Rating
The Pequod Review:
Michael Martone's The Flatness and Other Landscapes is a collection of fourteen essays focused on the people and culture of the American Midwest (which he broadly defines to include the states of Ohio, Indiana, Michigan, Wisconsin, Minnesota, North Dakota, South Dakota, Nebraska, Kansas, Missouri, Illinois, and Iowa). Martone -- who was born in Fort Wayne, Indiana -- brings a deep love and appreciation for an area that is much more than Flyover Country:
It is flat. The geometry of the fields suggests a map as large as the thing it represents. The squared township roads score the axes of coordinates. The cup of trees on the horizon, the water tower, the elevator are tokens slid there representing ground taken and held. The only dimension marked by z is the state of dreaming as they drive on the interstates meandering in tangents that seek what the builders of railroads, who were here with rulers first, called a water-level route.

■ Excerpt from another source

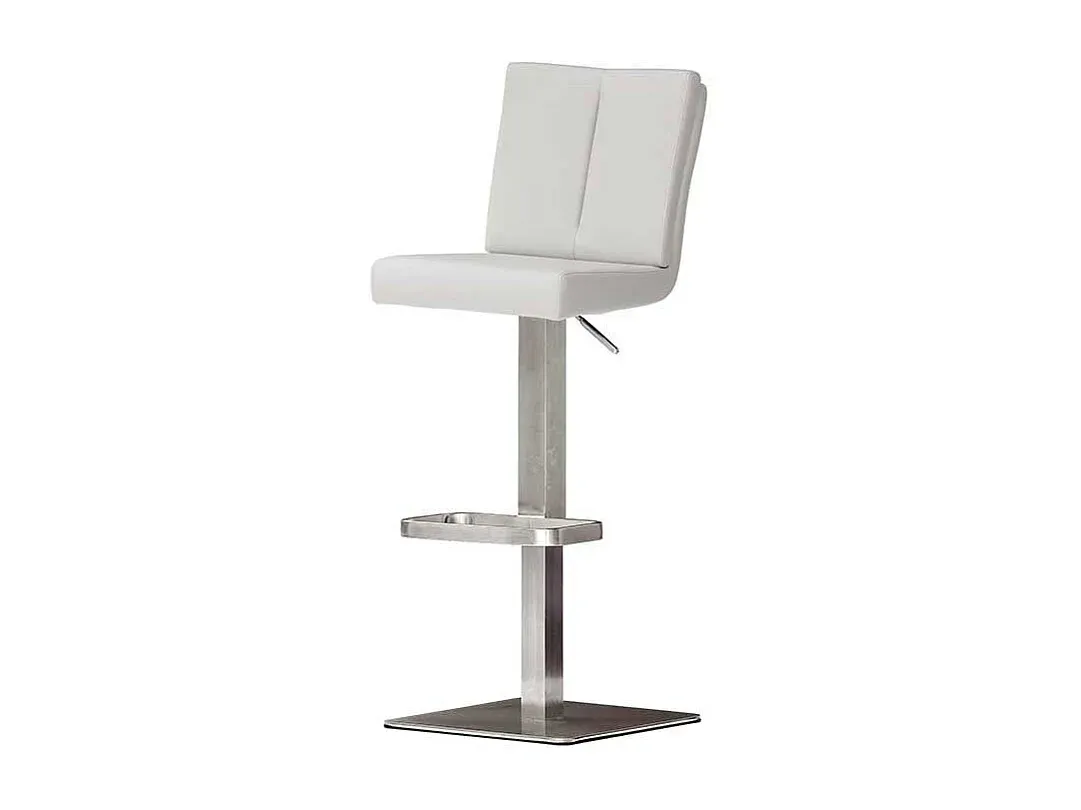 Höhenverstellbarer Barhocker in Weiß mit Lehne. Der Hocker ist drehbar und lässt sich durch Gasdruck anpassen. Ausgestattet mit einem Tellerfuß und einem Bezug aus Kunstleder (100 % Polyurethan). Der Hocker besteht aus Kunstleder und Edelstahl. Die Sitztiefe beträgt 38 cm und die Sitzhöhe 81 cm. Der Barhocker misst 41 cm in der Breite, 117 cm in der Höhe und 53 cm in der Tiefe.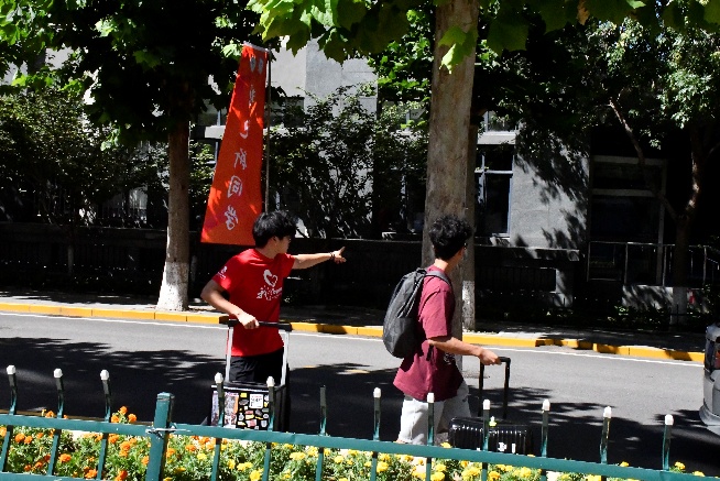 迎新当天,志愿者们早早抵达现场,学院领导、老师们亲自指导现场布置,把每一处细节都打理妥当;志愿者的身影散落在大体馆新生报到处、行李寄存处、路口指引、宿舍大厅等各处,等待着新生们的到来。

There are places in the Midwest that are not like this the limestone hills, the loess bluffs, the forest lakes and sand dunes, the rills and knobs and kettles. But the people who know the place only by driving through it know the flatness. They skim along a grade of least resistance. The interstate defeats their best intentions. I see them starting out, big-hearted and romantic, from the density and the variety of the East to see just how big this country is. They are well read, and they see an expanse as they come out of the green hills and the vista opens up, a true vision now so vast that at night as they drive the vastness can be merely suggested by the farmyard lights that demonstrate plane geometry by their rearranging patterns. And, in the dawn around Sandusky, they have had enough, and they hunker down and drive, looking for the mountains that they know are out there somewhere. They cannot see what is all around them now. A kind of blindness afflicts them, a pathology of the path. The flatness.
[...]
The truth is that such an ambiguous feeling about the Midwest seems to me to be very midwestern. Simultaneously, a midwesterner can imagine himself mired at the end of the earth and ensconced at its very heart. The conflict between the ideals of community and mobility has long been a central drama of America itself, but only in the Midwest, it seems to me, is this drama expressed so subtly and engrossingly. If the rest of Americans knows anything about this region they know it as the place where something or someone is from. Midwesterners themselves have a harder time simply saying where this place is.
Recommended, although the book would have benefitted from greater substance, rather than just style.